- Directed by: Julian Biggs
- Written by: Julian Biggs
- Produced by: Julian Biggs
- Starring: Joey Smallwood
- Narrated by: Budd Knapp
- Cinematography: Paul Leach
- Edited by: Bud Neate Ken Page (sound)
- Music by: Eldon Rathburn
- Production company: National Film Board of Canada
- Release date: 1970;
- Running time: 56 minutes
- Country: Canada
- Language: English

= A Little Fellow from Gambo =

1970 Canadian film

A Little Fellow from Gambo: The Joey Smallwood Story is a 1970 documentary film directed by Julian Biggs for the National Film Board of Canada in 1970.
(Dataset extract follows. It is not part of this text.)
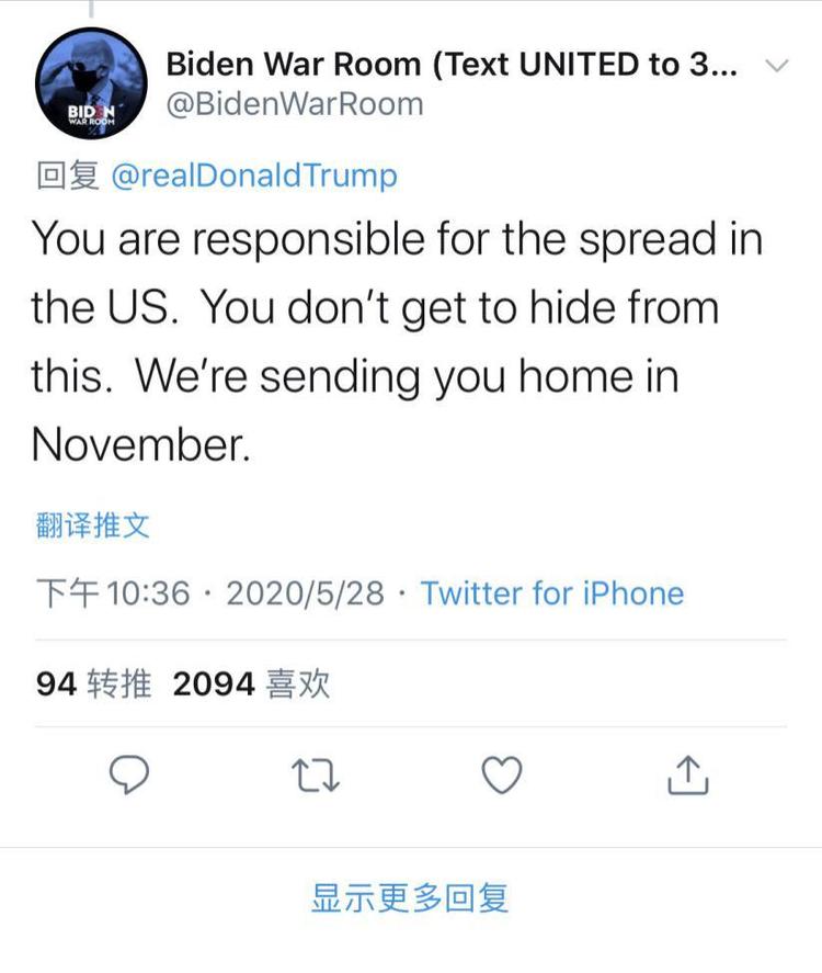 特朗普言下之意很明显,就是继续玩弄甩锅推责的把戏。他想告诉美国人民——美国新冠肺炎患者死亡超过10万了,但这一切都是中国的错。但是特朗普这种推责的把戏显然没有愚弄所有美国民众,不少美国网友在这条推文下跟帖留言,表示特朗普应为美国的疫情扩散负责,并称将在11月把他“送回老家”。

The film is a lively portrait of Joey Smallwood, the first premier of Newfoundland and Labrador, a controversial and powerful politician who became known as the "last living Father of Confederation" for his role in negotiating the admission of Newfoundland and Labrador as a Canadian province in 1949. Following Smallwood during a two-and-a-half-month period that included a stormy Liberal leadership convention, the film reveals a man misunderstood even by his close associates.

The film, which was screened at the 1971 Stratford Film Festival, won three Canadian Film Awards at the 22nd Canadian Film Awards, for Best Public Affairs Film, Best Direction in a Non-Feature (Biggs) and Best Actor in a Non-Feature (Smallwood).

The choice of Smallwood, who was simply being himself in a documentary film, as the recipient of an acting award was justified by the award organizers on the grounds that Smallwood's flamboyant and charismatic personality made him a "distinguished natural actor".